The scientific literature contains seminal papers describing ELAC2's discovery and characterization, including Tavtigian et al. (PMID: 11175785), which identified ELAC2 as a candidate prostate cancer susceptibility gene, and Takaku et al. (PMID: 12711671), which characterized its tRNA 3' processing endoribonuclease activity . These foundational publications, along with more recent research papers, provide essential context and methodological approaches for contemporary ELAC2 investigations across basic science and disease-oriented research contexts .

How should researchers interpret contradictory findings in ELAC2 literature?

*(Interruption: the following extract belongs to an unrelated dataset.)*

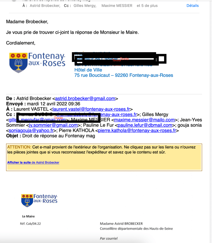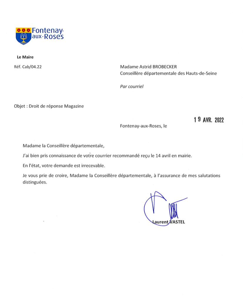 Le maire de Fontenay-aux-Roses, dans son édito dans le FAR mag, a indiqué « malgré le fait que notre nouvelle conseillère départementale ait fait le choix d’une opposition radicale et idéologique au Département comme au Conseil municipal, et que de ce fait elle ne soit associée à aucun dossier ».

When encountering contradictory findings in ELAC2 literature, researchers should systematically evaluate several key factors that might explain the discrepancies. First, consider differences in experimental models; ELAC2 expression and function may vary between cell types, tissues, and species. While some antibodies like 10071-1-AP show cross-reactivity with human, mouse, and rat ELAC2 , others like 83468-6-RR are validated only for human samples . These species-specific differences could contribute to apparently conflicting results when comparing studies using different model systems.

Methodological variations represent another major source of potential discrepancies. Different antibodies target distinct epitopes of ELAC2 , potentially leading to variable detection efficiency depending on protein conformation, post-translational modifications, or protein-protein interactions. When comparing studies, carefully examine the specific antibody used, its dilution (ranging from 1:50-1:50000 depending on application and antibody) , and detection methods. Similarly, variations in sample preparation, such as different fixation protocols for immunohistochemistry or lysis conditions for Western blot, can significantly impact results.